摘要

Purpose: We lesioned the hypothalamic paraventricular nucleus (PVN) of male Wistar rats using two different doses (8 mu g/3 mu l and 16 mu g/3 mu l) of 5,7-dihydroxytryptamine (5,7-DHT) and then animals were subjected to a battery of behavioral tests designed to assess anxiety and memory formation. Further, we were interested to know whether this lesion would result in neuronal oxidative stress and also if there is a correlation between the behavioral response to this lesion and brain oxidative stress.
Material/methods: Behavioral tests included elevated plus maze, used to assess exploration/anxiety status and radial arm-maze, used for determining spatial short-term and reference memory errors. Regarding the oxidative stress, we measured the extent of some lipid peroxidation products like malondialdehyde and defense enzymes such as superoxide dismutase and glutathione peroxidase.

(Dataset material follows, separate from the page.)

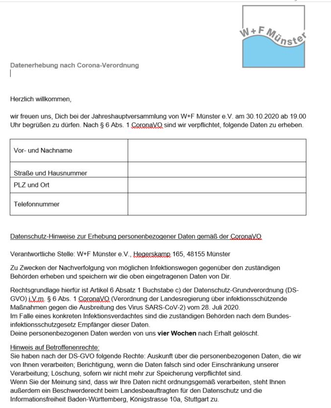 Die Jahreshauptversammlung findet statt am Freitag, dem 30. Oktober 2020 um 19.00 Uhr im Fest- und Veranstaltungssaal des Bennohauses, Bennostraße 7, 48155 Münster; auf Grund der Corona-Bestimmungen mussten wir auf einen größeren Saal ausweichen, der jedoch an unserem traditionellen Termin nicht zur Verfügung stand. Wichtig: bitte unbedingt Eure Kontaktdaten für die Covid-19 Nachverfolgung vorab an Diese E-Mail-Adresse ist vor Spambots geschützt! Zur Anzeige muss JavaScript eingeschaltet sein! schicken (s. Formular). Eine Teilnahme ohne vorherige Anmeldung ist wegen einer aufgrund der Raumgröße zwingend notwendigen Sitzordnung nicht möglich.

Results: 5,7-DHT lesioned rats spent more time in the open arms of the elevated maze compared to sham-operated rats, suggesting that the lesion significantly diminished anxiety-like behavior. Also, short-term memory was significantly impaired, as shown by the working memory errors in radial arm-maze task. Further analyses revealed that the 5,7-DHT lesion did not result in a significant change of reference memory errors. Regarding the oxidative stress, no significant modification of both superoxide dismutase and glutathione peroxidase specific activities from the temporal lobe were observed. However, the malondiadehyde level was significantly increased, suggesting pro-oxidant effects. Also, the linear regression between the working memory errors vs. malondiadehyde resulted in significant correlations.
Conclusion: 5,7 DHT lesion of the PVN affects behavioral performance via interactions with systems governing novel and/or fear-evoking situations and also by increasing neuronal oxidative stress.